Op donderdag 29 november 2001 12:26 schreef altec het volgende:
Wat is low en high level formatting?
Dit heb ik nodig voor school maar kan het nergens vinden..
en wat betekend MTBF
Wie kan me helpen??/ BVD
Low level =
Actually the term "low level" is a bit of a misnomer. The low level process first used years ago in MFM hard drives bears little resemblance to what we now call a "low level format" for today's ATA (IDE) drives. A better name for today's low level formatting utility is intermediate- or mid-level formatting. This is sometimes referred to as the "initialize" or "re-initialize" process. The basic purpose of a mid-level format is to erase everything currently on the drive.
High level =
After low-level formatting is complete, we have a disk with tracks and sectors--but nothing written on them. High-level formatting is the process of writing the file system structures on the disk that let the disk be used for storing programs and data. If you are using DOS, for example, the DOS FORMAT command performs this work, writing such structures as the master boot record and file allocation tables to the disk. High-level formatting is done after the hard disk has been partitioned, even if only one partition is to be used. See here for a full description of DOS structures, also used for Windows 3.x and Windows 9x systems.
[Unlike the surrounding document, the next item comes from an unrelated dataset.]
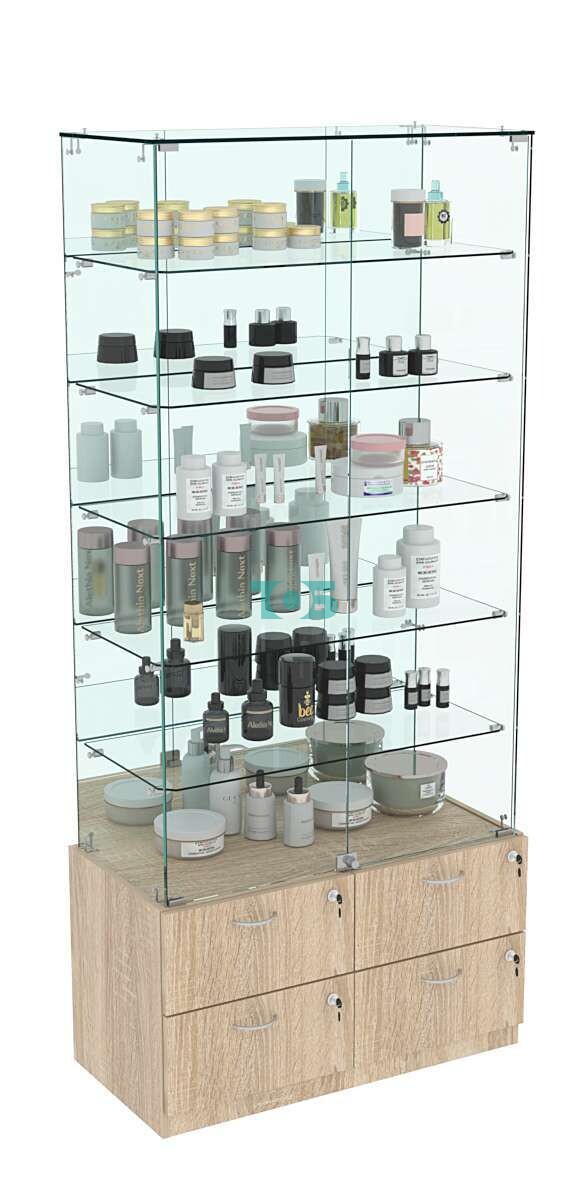 Накопитель с выдвижными ящиками: в конструкции витрины предусмотрены четыре выдвижных ящика с врезными замками. Это позволяет хранить дополнительные товары или аксессуары, обеспечивая их безопасность и порядок.
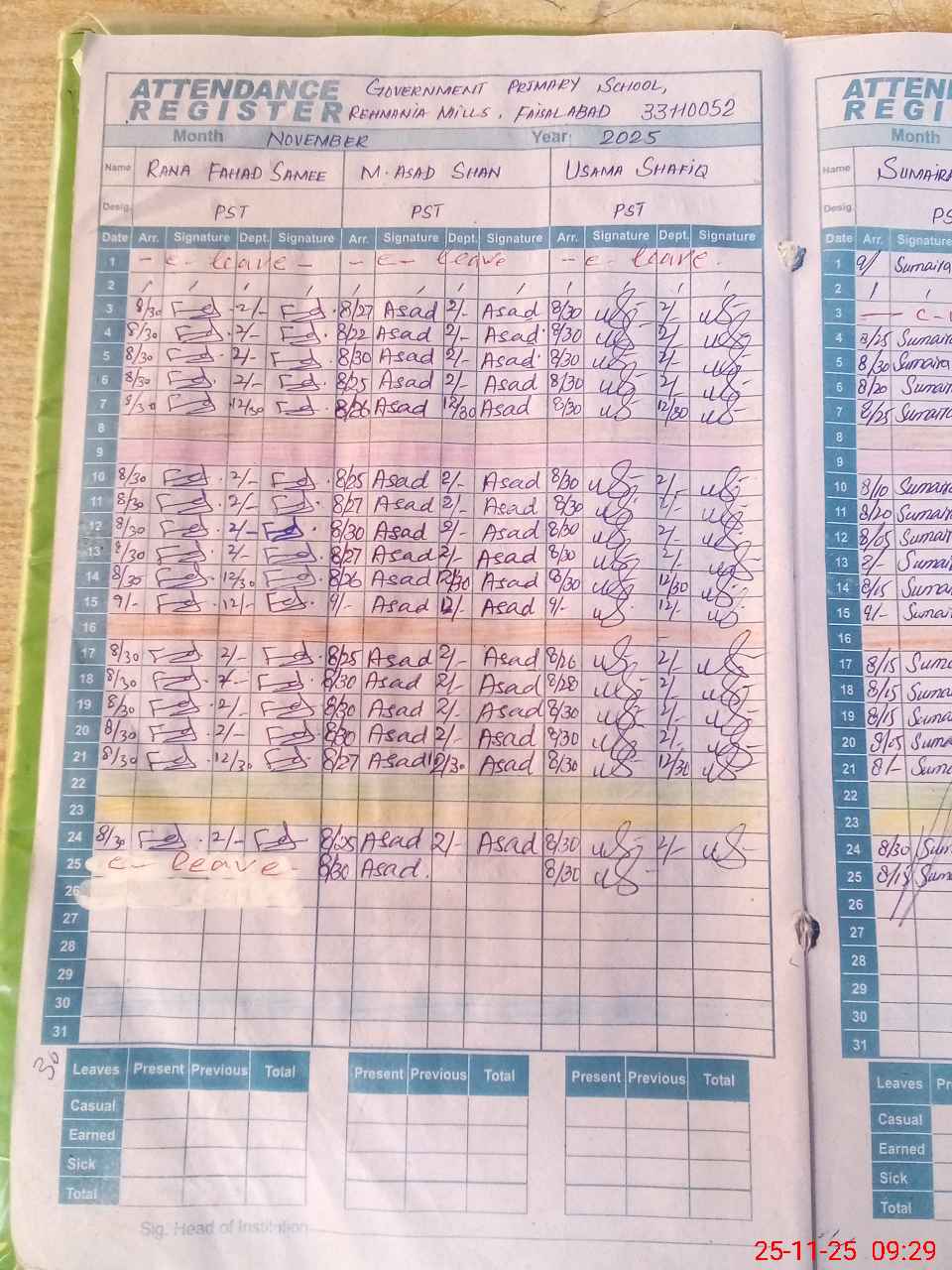 | CNIC | Full Name | Designation | R/C | Absence During Last Calender Month |

The distinction between high-level formatting and low-level formatting is important. It is not necessary to low-level format a disk to erase it: a high-level format will suffice for most purposes; by wiping out the control structures and writing new ones, the old information is lost and the disk appears as new. (Much of the old data is still on the disk, but the access paths to it have been wiped out.) Under some circumstances a high-level format won't fix problems with the hard disk and a zero-fill utility may be necessary.
Different operating systems use different high-level format programs, because they use different file systems. However, the low-level format, which is the real place where tracks and sectors are recorded, is the same.
MTBF = Mean Time Between Failures
En als je google had gebruikt was je hier ook wel achter gekomen... maar ja..had ff niks te doen ..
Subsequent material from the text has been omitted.